What happens now the limit is suspended
As of June 3, 2023 President Biden signed into law a bill that would suspend the debt ceiling until 2025, but not without opposition.
“In exchange for two-year caps on non-military discretionary spending, the broadening of work requirements for some government support programs, and a rescinding of some unspent Covid related funds, among other provisions,” have been requested, says Francis.
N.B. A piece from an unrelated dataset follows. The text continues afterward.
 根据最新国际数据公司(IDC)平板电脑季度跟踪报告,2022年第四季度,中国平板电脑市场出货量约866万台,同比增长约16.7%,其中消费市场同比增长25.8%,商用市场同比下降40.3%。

“The agreement provides an estimated saving of $1.5 trillion over the next decade, according to the CBO,” he says, which should help the US to significantly close the deficit, provided those concessions remain in place.
Unfortunately, this suspension will only see the United States through its next election, after which who knows what will happen.
If the US government cannot get control over its spending, then it is likely the financial conditions will continue to worsen and have the potential to affect businesses through increasing interest rates or taxation policy changes.
It is imperative that CFOs, and other finance professionals, remain vigilant and prepare for the worst case scenario; no matter how unlikely it seems.
As Hooper says, this is very much a bipartisan issue that affects not only the entire United States, but has the potential to cause economic ructions globally.